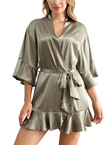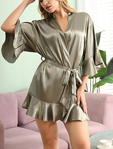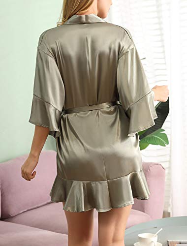 Silk Satin Robe for Women, Soft and Elegant Short Kimono with Ruffle Hem, Luxurious Sleepwear and Loungewear
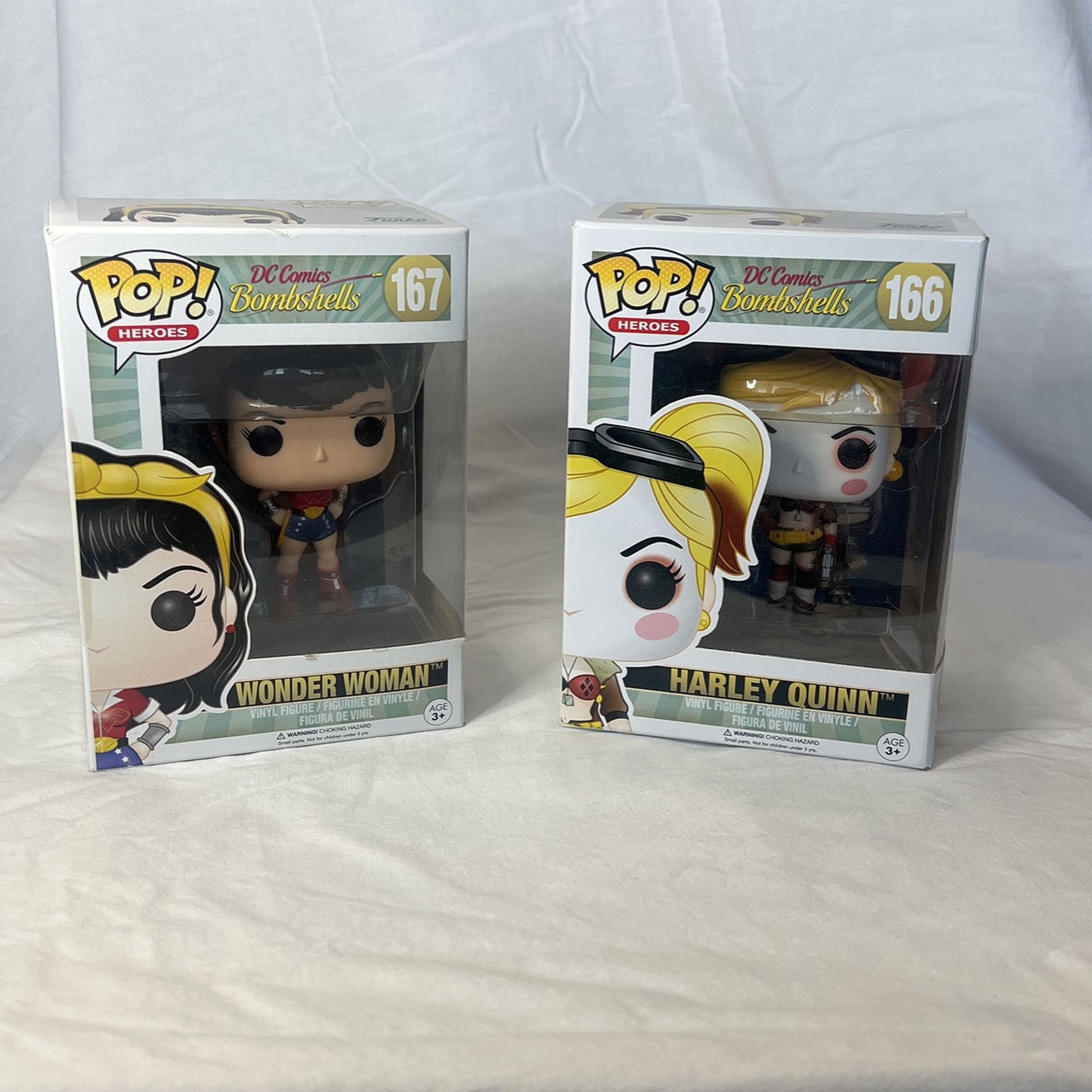 Funko Pops Dc Comics Bombshells Wonder Woman #167 Harley Quinn #166
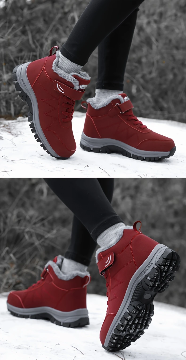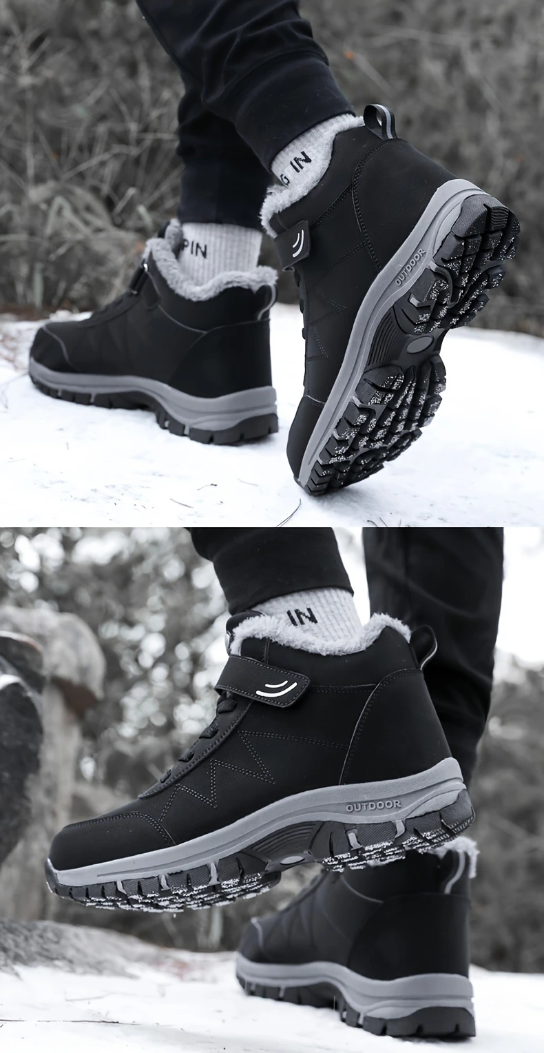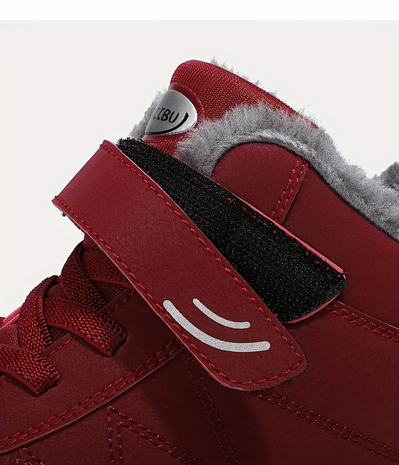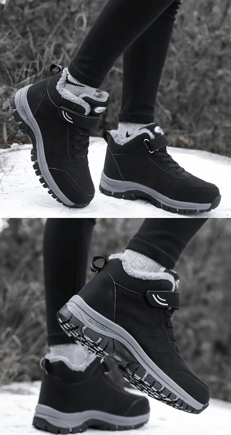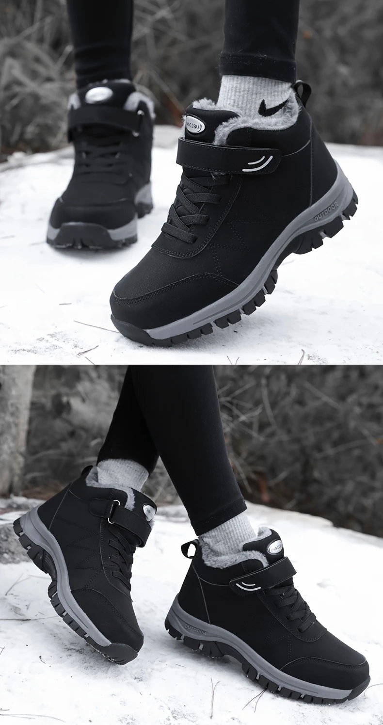 Erkaklar va ayollar uchun zamonaviy kulrang rangdagi plush qoplamali qor botinkalari, ilgich va lenta bilan yopish, sirpanmaydigan iz, sovuq ob-havo uchun issiq izolyatsiya. Norasmiy ochiq havoda kiyiladigan poyabzal.
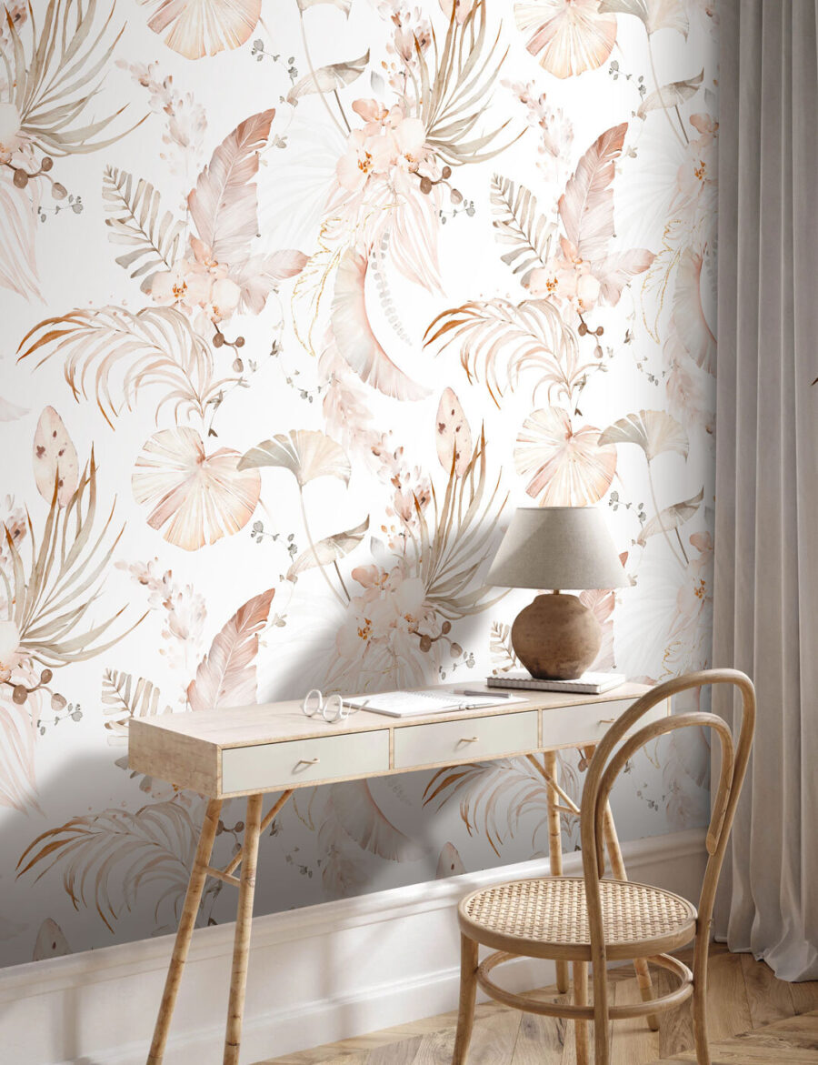Predstavte si, že vstúpite do miestnosti, kde steny kvitnú životom – práve to vám ponúka táto „nástenná maľba s motívom kvetov a listov“! Je to nádherný tanec jemných kvetov a elegantných listov, ktorý vyžaruje útulnú, slnečnú atmosféru, ktorá vás núti siahnuť po šálke čaju a relaxovať. Je ideálna do obývacej izby alebo do spálne snov, je to ako mať tajnú záhradu priamo doma. Priatelia sa zastavia uprostred vety, očarení touto krásou. A buďme úprimní, kto by nechcel mať pocit, že je na večnom pobyte v prírode? Jemné farby tejto tapety dýchajú teplo a pokoj a premenia každý priestor na oázu.

HOW TO COMPLETE THIS TASK: Wherever a picture appears, omit it; copy the rest of the data exactly.

EXERCISE RESULT:
 Silk Satin Robe for Women, Soft and Elegant Short Kimono with Ruffle Hem, Luxurious Sleepwear and Loungewear
 Funko Pops Dc Comics Bombshells Wonder Woman #167 Harley Quinn #166
 Erkaklar va ayollar uchun zamonaviy kulrang rangdagi plush qoplamali qor botinkalari, ilgich va lenta bilan yopish, sirpanmaydigan iz, sovuq ob-havo uchun issiq izolyatsiya. Norasmiy ochiq havoda kiyiladigan poyabzal.
Predstavte si, že vstúpite do miestnosti, kde steny kvitnú životom – práve to vám ponúka táto „nástenná maľba s motívom kvetov a listov“! Je to nádherný tanec jemných kvetov a elegantných listov, ktorý vyžaruje útulnú, slnečnú atmosféru, ktorá vás núti siahnuť po šálke čaju a relaxovať. Je ideálna do obývacej izby alebo do spálne snov, je to ako mať tajnú záhradu priamo doma. Priatelia sa zastavia uprostred vety, očarení touto krásou. A buďme úprimní, kto by nechcel mať pocit, že je na večnom pobyte v prírode? Jemné farby tejto tapety dýchajú teplo a pokoj a premenia každý priestor na oázu.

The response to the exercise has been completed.